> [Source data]
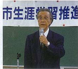
市生涯学習推進協議会

(2)生涯学習推進のための情報の提供に努めたいと思ふ 市民が自主的、主体的に生涯学習活動を行うために、学習の機会や場の提供に努める。講師、指導者などの情報の取
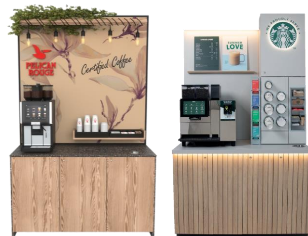
Afbeelding: Van links naar rechts; Pelican Rouge Sustainable Premium Coffee Corner, Starbucks™ coffee corner
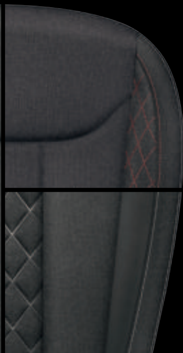
Sedili Sport Nero (Tessuto Nero / Tecnofibra ArtVelours Nero)
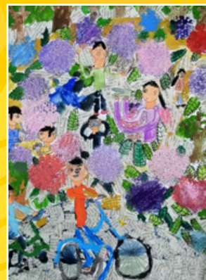
二義 / 廖軒廷 賞花趣
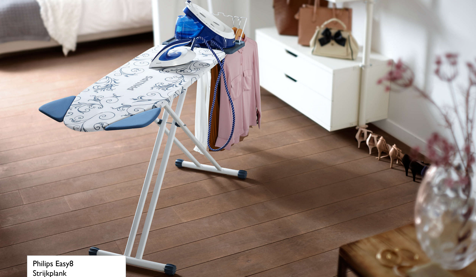
Philips Easy8 Strijkplank
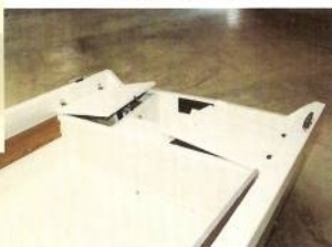
2 Le coffre arrière permet de loger batterie, réservoir, et le matériel de sécurité
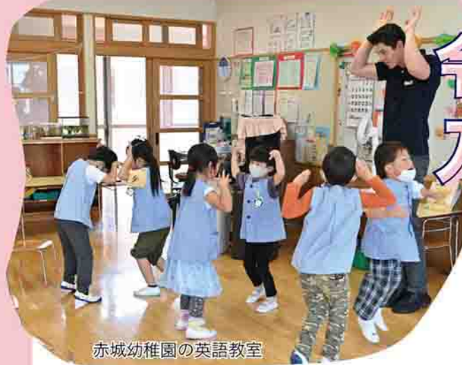
赤城幼稚園の英語教室

幼稚園、保育所、認定こども園の令和6年度入園児を募集します。各施設を利用する場合には、市の「認定」を受ける必要があります。お子さんの入園を希望する場合は、以下の内容を確認の上、手続きしてください。 詳しくは、 本 こども支援課(☎2415)へ。

> [How to complete this task] Every line in the records is to be retyped exactly as it stands; the pictures stay out.

> [Result of the exercise]
市生涯学習推進協議会

(2)生涯学習推進のための情報の提供に努めたいと思ふ 市民が自主的、主体的に生涯学習活動を行うために、学習の機会や場の提供に努める。講師、指導者などの情報の取
Afbeelding: Van links naar rechts; Pelican Rouge Sustainable Premium Coffee Corner, Starbucks™ coffee corner
Sedili Sport Nero (Tessuto Nero / Tecnofibra ArtVelours Nero)
二義 / 廖軒廷 賞花趣
Philips Easy8 Strijkplank
2 Le coffre arrière permet de loger batterie, réservoir, et le matériel de sécurité
赤城幼稚園の英語教室

幼稚園、保育所、認定こども園の令和6年度入園児を募集します。各施設を利用する場合には、市の「認定」を受ける必要があります。お子さんの入園を希望する場合は、以下の内容を確認の上、手続きしてください。 詳しくは、 本 こども支援課(☎2415)へ。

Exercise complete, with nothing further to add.